Apache Drill 1.1.0 Release Notes

Release date: July 5, 2015

It has been about 6 weeks since the release of Drill 1.0.0. Today we’re happy to announce the availability of Drill 1.1.0, providing 119 additional enhancements and bug fixes.

Noteworthy New Features in Drill 1.1.0

Drill now supports window functions, automatic partitioning, and Hive impersonation.

Ranking Window Functions

  • ROW_NUMBER
  • RANK
  • DENSE_RANK
  • PERCENT_RANK
  • CUME _DIST

Aggregate Window Functions

  • COUNT
  • SUM
  • MIN
  • MAX
  • AVG

Automatic Partitioning in CTAS (DRILL-3333)

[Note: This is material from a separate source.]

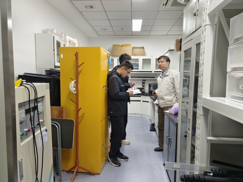 2023年12月7日,机械学院进行了实验室安全检查。微纳所副所长刘昊、全重实验室黄伟迪、实验室安全工作人员张凯、刘健英、陈星辰、学院实验室安全员——党员先锋岗部分同学以及新宇物业工作人员一同参加了检查。 检查组检查了实验室、研究生学习室,重点查看了智能危化品存贮柜的放置和安装情况。 经过前期的安全检查、隐患整改以及学生自我管理的加强,本次检查发现实验室和研究生学习室情况安全隐患数量明显减少。
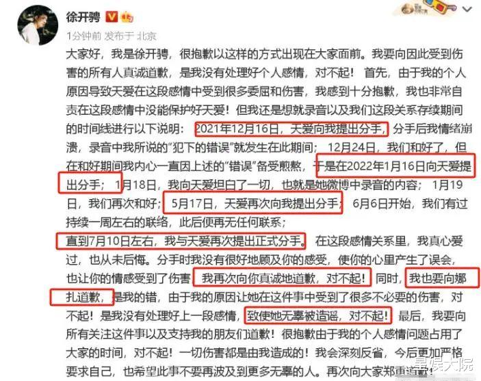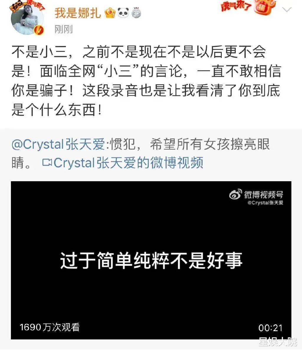 张天爱晒录音锤渣男,娜扎也紧随其后加入队伍,对徐开骋进行了一番指控。

When a table is created with a partition by clause, the parquet writer will create separate files for the different partition values. The data will first be sorted by the partition keys, and the parquet writer will create a new file when it encounters a new value for the partition columns.

When queries are issued against data that was created this way, partition pruning will work if the filter contains a partition column. Unlike directory-based partitioning, no view is required, nor is it necessary to reference the dir* column names.

Hive impersonation support (DRILL-3203)

When impersonation is enabled, Drill now supports impersonating the user who issued the query when accessing Hive metadata/data (instead of accessing Hive as the user that started the drillbit).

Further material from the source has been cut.